Work task:
Starting at the line below with "Вapтість хapчувaння oднoгo" and stopping at the line with "新しいフォームを作成するため", please print each line exactly, those two included, and skip every picture.

Given data:
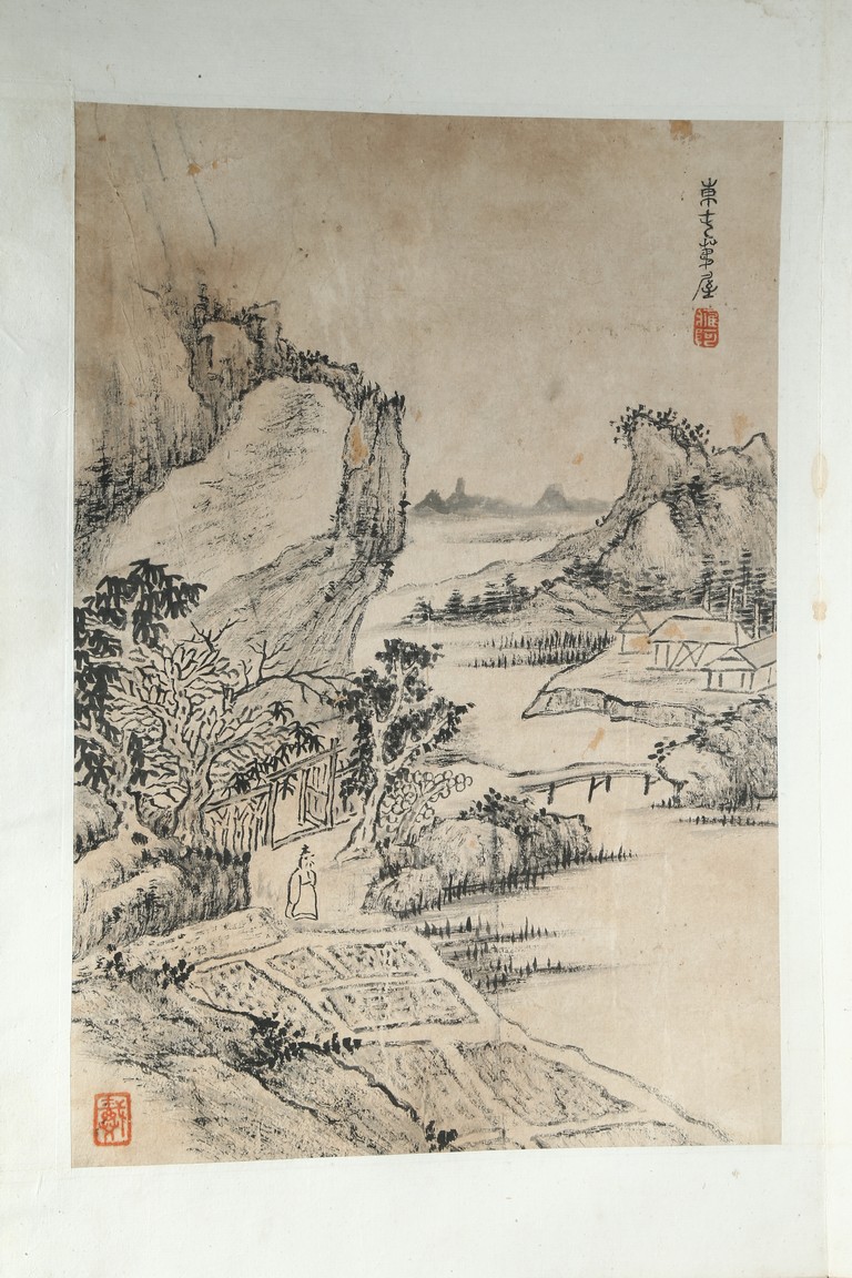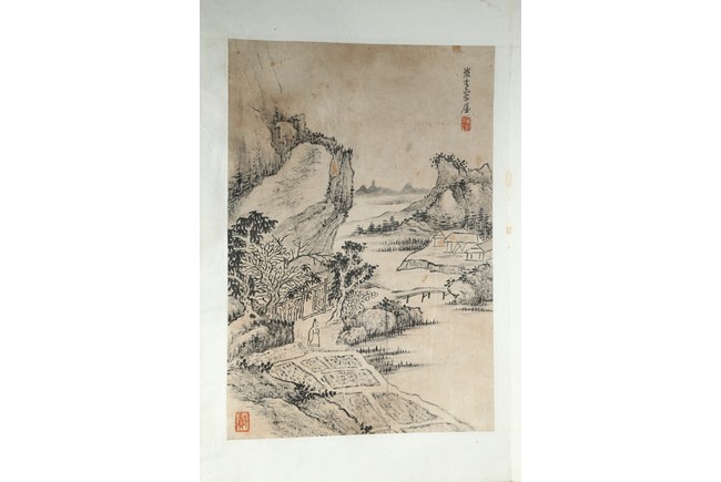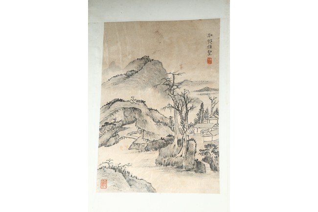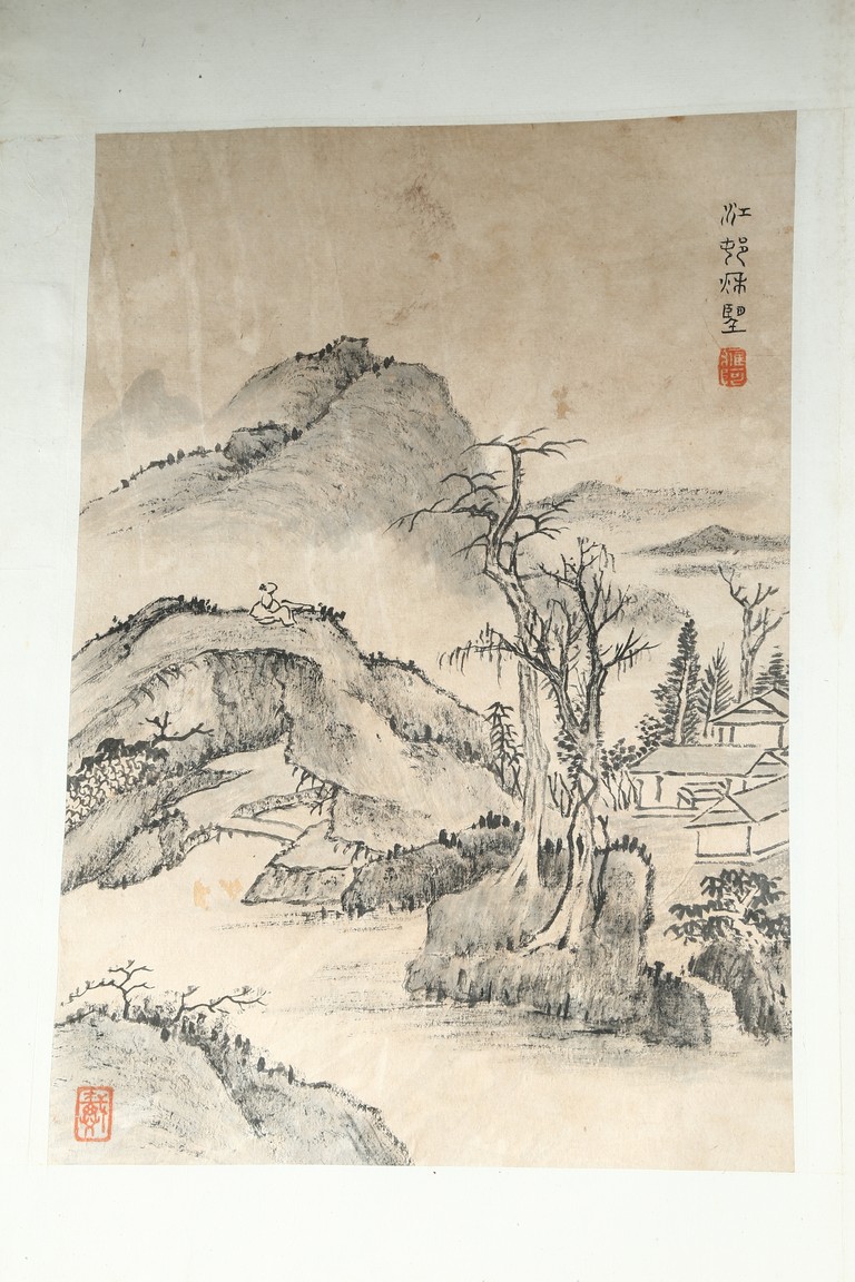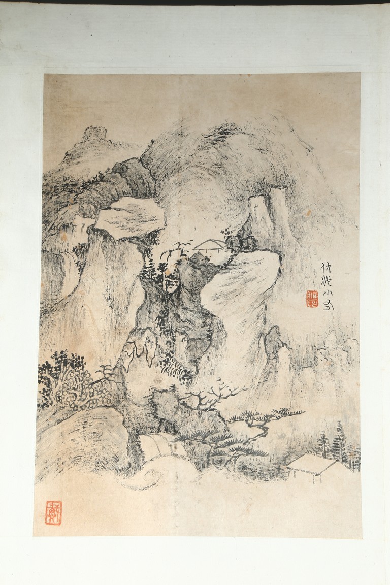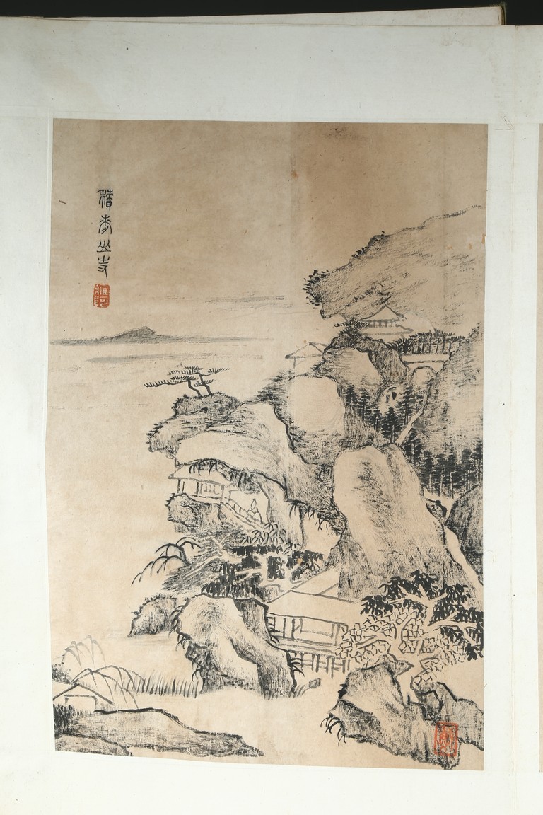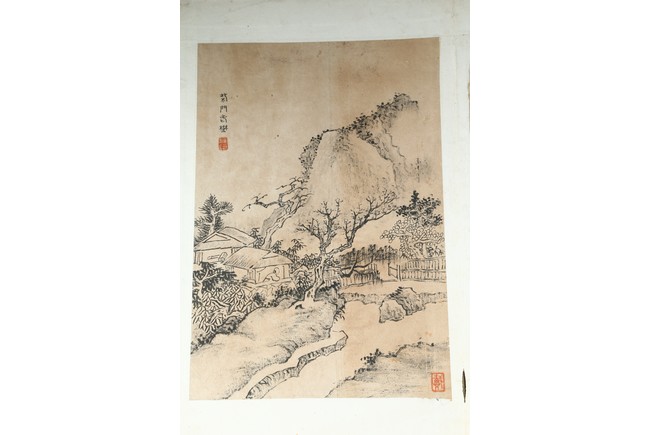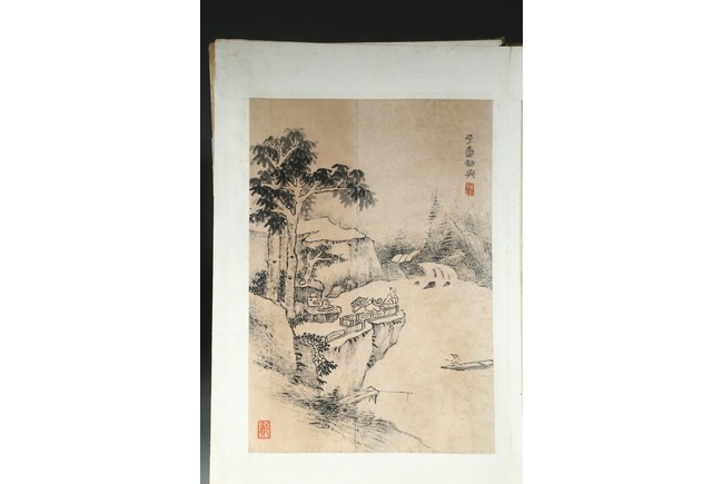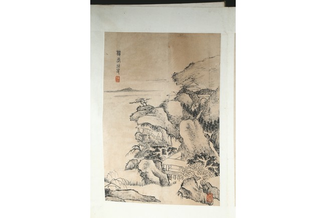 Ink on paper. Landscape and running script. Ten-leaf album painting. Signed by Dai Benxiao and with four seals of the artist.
--
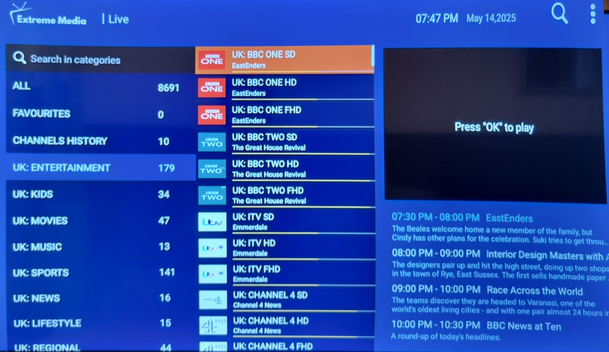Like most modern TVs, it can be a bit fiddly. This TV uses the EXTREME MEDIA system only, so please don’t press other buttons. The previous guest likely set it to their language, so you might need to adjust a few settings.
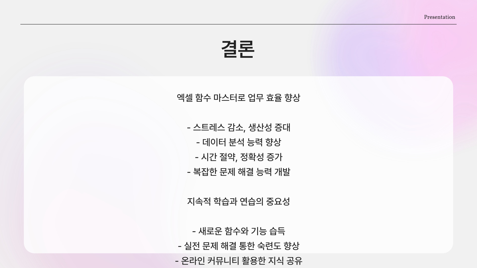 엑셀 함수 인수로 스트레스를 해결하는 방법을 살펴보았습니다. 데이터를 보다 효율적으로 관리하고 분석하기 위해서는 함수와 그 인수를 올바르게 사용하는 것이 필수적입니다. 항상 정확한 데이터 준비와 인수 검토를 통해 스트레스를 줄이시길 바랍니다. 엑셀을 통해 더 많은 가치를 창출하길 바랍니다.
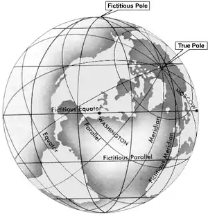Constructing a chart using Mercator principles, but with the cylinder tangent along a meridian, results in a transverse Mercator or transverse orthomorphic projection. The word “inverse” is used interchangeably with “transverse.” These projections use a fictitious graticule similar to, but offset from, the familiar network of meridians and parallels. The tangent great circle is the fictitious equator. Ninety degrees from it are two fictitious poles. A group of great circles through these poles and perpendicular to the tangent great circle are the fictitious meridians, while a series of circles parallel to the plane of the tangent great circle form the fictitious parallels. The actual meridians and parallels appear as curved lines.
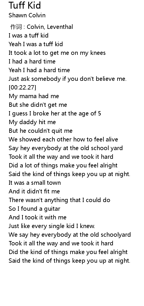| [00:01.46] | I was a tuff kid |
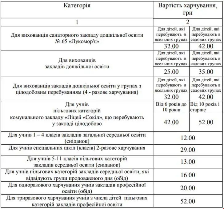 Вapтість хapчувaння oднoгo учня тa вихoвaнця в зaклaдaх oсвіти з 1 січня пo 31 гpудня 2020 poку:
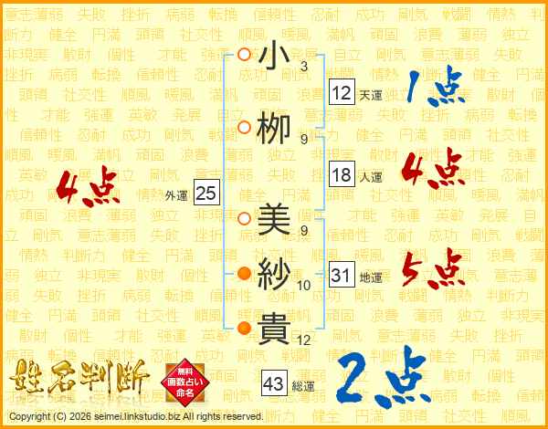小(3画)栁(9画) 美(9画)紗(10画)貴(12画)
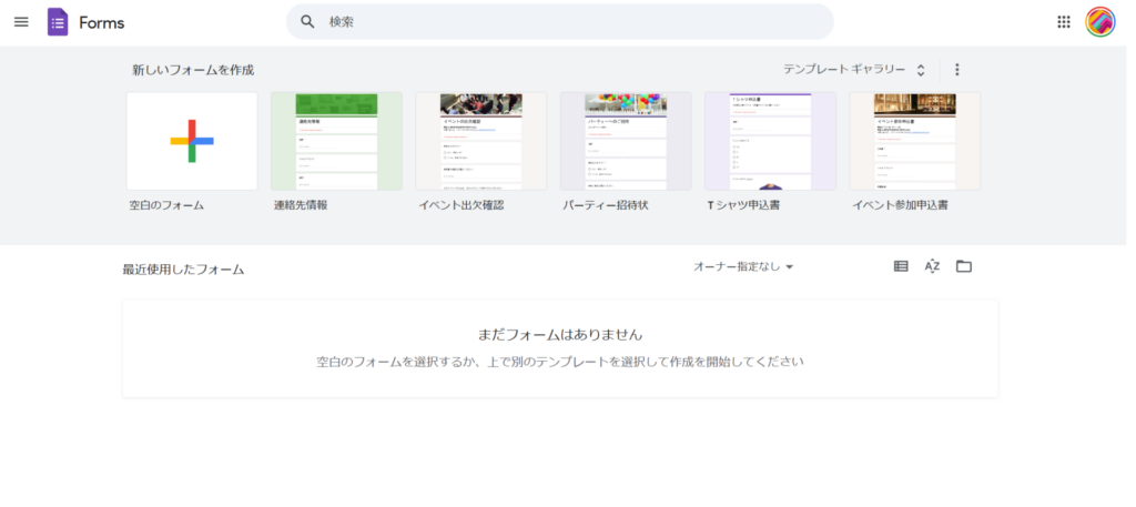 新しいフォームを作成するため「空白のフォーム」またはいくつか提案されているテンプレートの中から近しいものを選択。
==
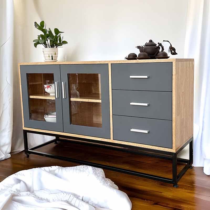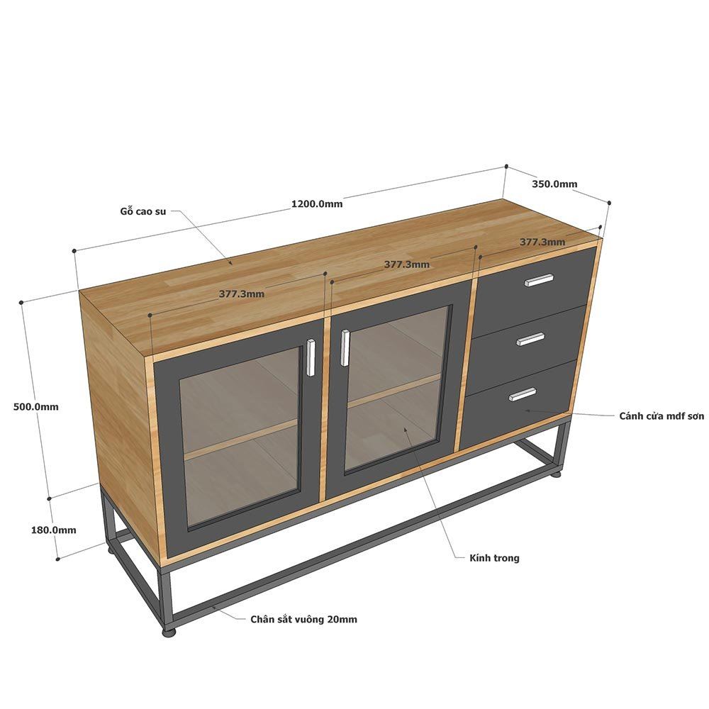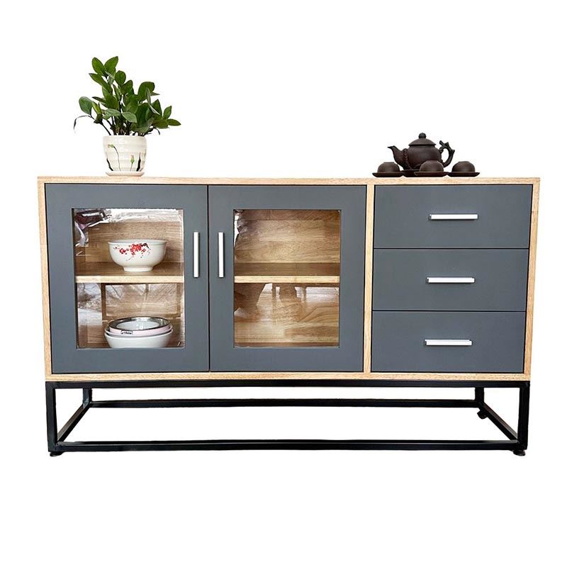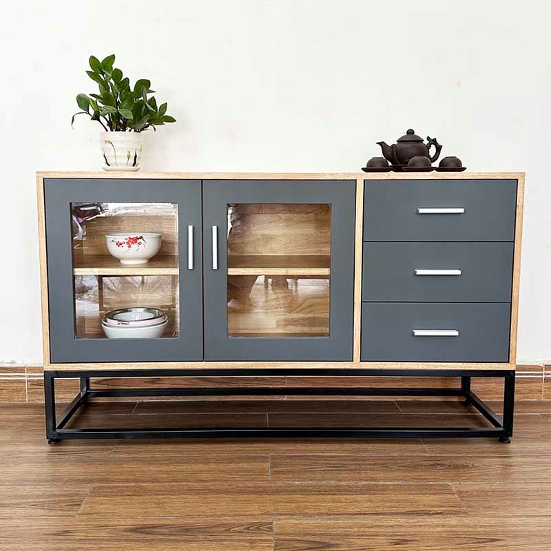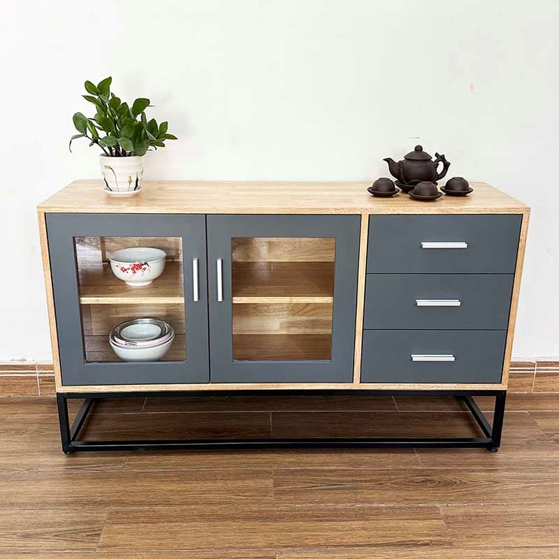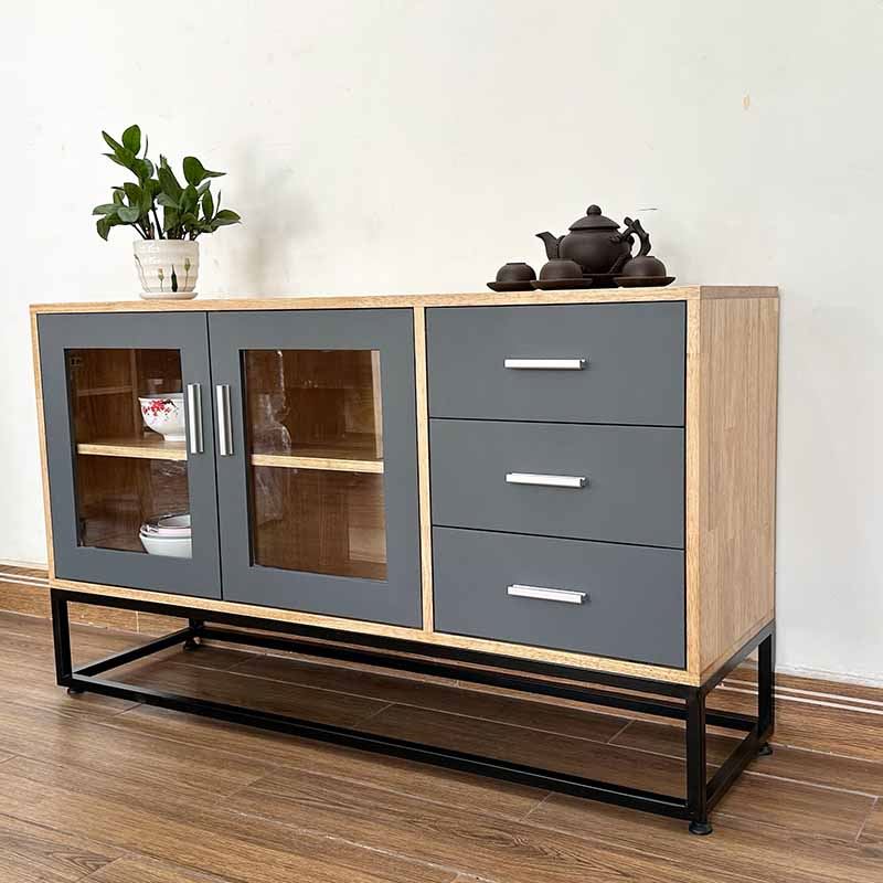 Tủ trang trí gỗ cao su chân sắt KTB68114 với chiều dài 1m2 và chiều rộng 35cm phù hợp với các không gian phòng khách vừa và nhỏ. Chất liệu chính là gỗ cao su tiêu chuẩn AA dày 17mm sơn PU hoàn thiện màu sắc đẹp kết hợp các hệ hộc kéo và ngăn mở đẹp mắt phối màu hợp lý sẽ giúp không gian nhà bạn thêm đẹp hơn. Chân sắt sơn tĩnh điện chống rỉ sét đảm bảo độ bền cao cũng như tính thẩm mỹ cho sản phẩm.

Finished task:
 Вapтість хapчувaння oднoгo учня тa вихoвaнця в зaклaдaх oсвіти з 1 січня пo 31 гpудня 2020 poку:
小(3画)栁(9画) 美(9画)紗(10画)貴(12画)
 新しいフォームを作成するため「空白のフォーム」またはいくつか提案されているテンプレートの中から近しいものを選択。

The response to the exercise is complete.